Tadd Ruetenik, a PPN
member and philosophy professor at St. Ambrose University in Iowa, described
his interests to include pacifism, vegetarian ethics, and prophetic pragmatism.
And what does it cost to take courses from professors like Mr. Ruetenik at St.
Ambrose University? $30,000 a year, not counting room and board.
And
then there's Maureen Linker,
a PPN member who teaches at University of Michigan at Dearborn. Her academic
interests: "Implicit Bias, Epistemic Privilege and Epistemic Injustice,
Social Difference and Difficult Dialogues." What does it cost to attend
Professor Linker's institutition? If you are a non-Michigan resident, it
will cost you
$29,000 for books, tuition and fees.
No wonder the discipline of philosophy is collapsing at American universities. Students have figured out they are paying too much to attend college to take courses from professors who specialize in vegetarian ethics and epistemic injustice.
And here' my second reflection on the PPN boycott. Although these kooky academics don't realize it, the boycott of a state based on prejudice is reminiscent of the Okie migration into California during the Great Depression.
As John Steinbeck chronicled in The Grapes of Wrath, California state police actually blockaded the state's highways and turned back Dust Bowl refugees at the California border. In the minds of many Californians, the Okies (who were actually from several Southwestern and Midwestern states) were a substandard class of humans who would pollute the pure and sunny atmosphere of the Golden State.
My analogy is not perfect.

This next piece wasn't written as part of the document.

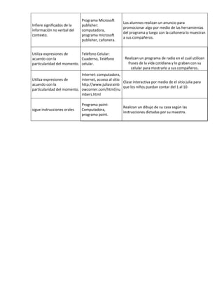 El documento describe una serie de unidades y competencias relacionadas con el área de comunicación y lenguaje, educación física. Para cada competencia se proponen recursos y actividades didácticas. Las actividades involucran el uso de tecnología como computadoras, programas informáticos e internet para reforzar el aprendizaje de vocabulario, estructuras gramaticales y expresión oral y escrita en diferentes idiomas. También se incluyen actividades físicas utilizando materiales como pelotas, cronómetros y música.

The Californians of the Dust Bowl years were trying to keep disfavored people out of their state. Today's prejudice involves a refusal to visit a state deemed a pariah by political elites. But the prejudice is the same. And didn't Professor Frodeman, PPN's spokesperson, say his group believed people should be welcomed regardless of their place of origin?
On the other hand, the Public Philosophy Network's decision to boycott Texas may be a good thing. I'm not sure Texans would feel safe having a bunch of wacky philosophy professors roaming around the plains of North Texas, babbling about epistemic injustice, vegetarian ethics, and nonhuman animal welfare.
No wonder the discipline of philosophy is collapsing at American universities. Students have figured out they are paying too much to attend college to take courses from professors who specialize in vegetarian ethics and epistemic injustice.
And here' my second reflection on the PPN boycott. Although these kooky academics don't realize it, the boycott of a state based on prejudice is reminiscent of the Okie migration into California during the Great Depression.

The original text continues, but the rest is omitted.